Though 75 years have passed since the D-Day, its after-effects are still present in France. Memorials, cemeteries, and the beaches Canadian soldiers had charged onto remain to this day.
“For us, its important to remember because we are one of the last generations to be able to meet veterans,” said Charlotte Girard, one of the young people who visited. “We also want to learn about their families. We want to thank them for what they did.”
The chance to speak to veterans and ask them why they volunteered, how their families had reacted to them enlisting was an honour for the group,
“They’re very humble and modest about what they did.
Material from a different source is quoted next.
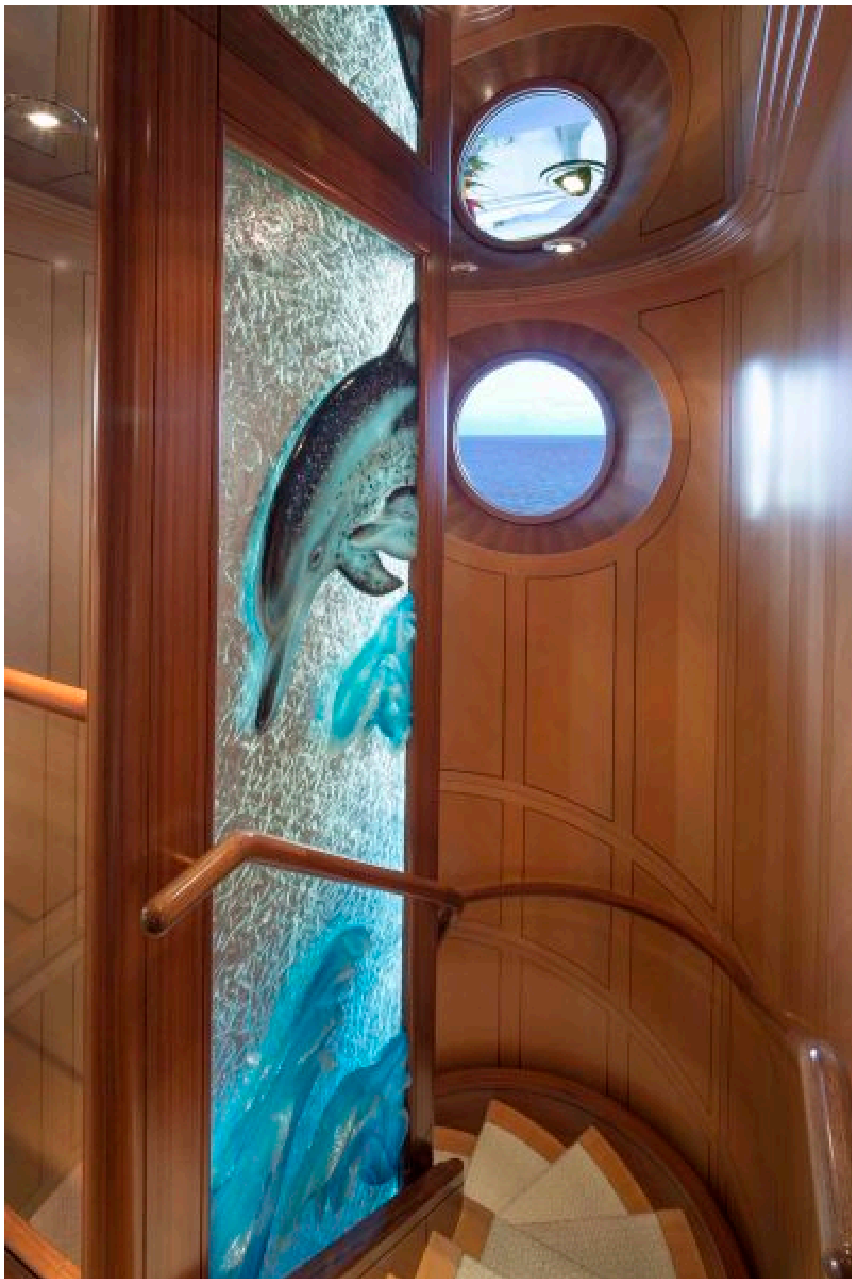
LAUREL 240'73.15m Delta 2006/2014 Main Staircase

For us, its a big thing, and they are heroes,” said Adelaide Caillet, a member who now lives in Ottawa.
The name Westlake Brothers Souvenir is a reference George, Tommy and Albert Westlake, three Canadian brothers who all perished in Normandy in a matter of days.
The group of volunteers are travelling from southwestern Ontario all the way past Quebec City, making stops through London, Toronto, Cornwall, Ottawa, Montreal, Shawinigan and Levis. By the end of its trip, the group will have read the names of the over 47,000 Canadians who died in the Second World War.
Lynn Kyte, a former Glen who served from 1977-83, attended the ceremony to thank the youth for their remembrance. She had visited a cemetery in Bény-Sur-Mer, where the Westlake Brothers Souvenir had lit 144 candles at the graves of Glens who were laid to rest.
“They were absolutely breathtaking,” said Kyte, who had been moved to tears by the ceremony in France. “We made it our mission to come down and see them.”
This is the second time Westlake Brothers Souvenir has visited Cornwall. The first was in 2015 as Veteran’s Way was established on the stretch of Second Street West between the cenotaph and legion.